3.3   Term Risk Classifier

WordNet is a large lexical database of English, with words grouped into sets
of cognitive synonyms (synsets), interlinked by means of semantic and lexical
relations[5].
    To relate terms to event types, we have created a set of pre-defined concepts
for each event type we wanted to detect. For example, the concept set for accident
contains synsets like hit, collide, explode, sink, etc. All hyponyms of these synsets
are automatically included as well.
                                        −→
    Each term in the term vector Qm is first lemmatized. WordNet is then
searched for synsets that contain the term’s lemma. If any of these synsets is
a match to any of the predefined concept sets, the vessel is considered to have
participated in at least one event of the matching event type.
    To compensate for ambiguous words, each event type is assigned a score,
consisting of the sum of the score for each matching term in the event type’s
concept set. This term score is in turn calculated by dividing its term frequency
by the number of synsets in WordNet that contain the term’s lemma. Each found
event type with a score lower than 0.1 is pruned for not having enough evidence.
In our example, both hijack, and pirates’ lemmatized form pirate are a match
to the thievery and piracy related events event type, which consequenly gets a
score derived from both these terms.


3.4   Simple Event Model

To keep the output simple, we assume each matched event type with evidence (in
our case thievery and piracy) corresponds to one distinct event, with its score
as a measure of supporting evidence.
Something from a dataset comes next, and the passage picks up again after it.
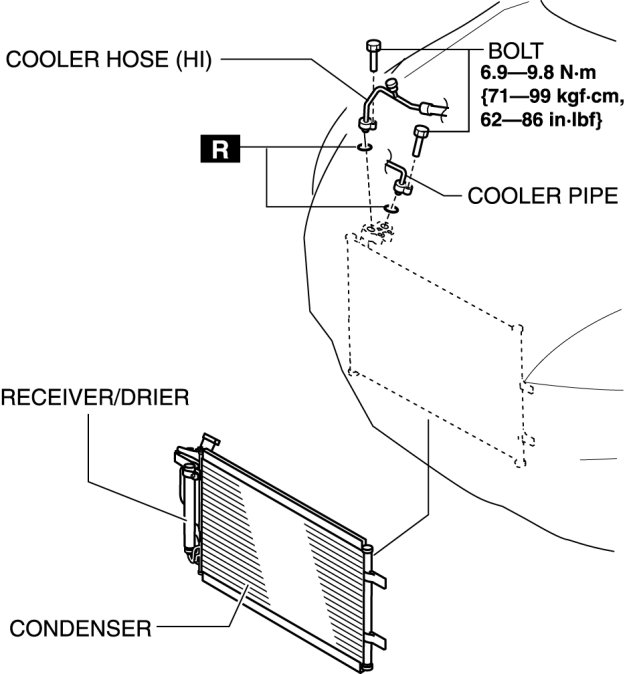 MZR 2.0, MZR 2.5, SKYACTIV-G 2.0 (4SD), SKYACTIV-G 2.0 (5HB, vehicles with receiver/drier on vehicle right)

These events are represented in RDF,
using the Simple Event Model ontology (SEM), which is a light-weight event
ontology designed with a minimum of semantic commitment to guarantee max-
imal interoperability[8]. Each event is modeled as an anonymous event with a
sem:eventType type corresponding to the matched event type. The ship under
investigation is linked to the event as an Actor. All other event properties (Place,
Time, other actors) are left unspecified as insufficient information is available to
specify these, but the schema does allow specifying them later on, either by
extensions to our system or by an outside tool.
   The W3C standard provenance ontology PROV[4] is used to link the event
back to the documents from which it was originally derived. This allows the
operator to manually read the news articles for ships that trigger an alert in
order to confirm the potential threat.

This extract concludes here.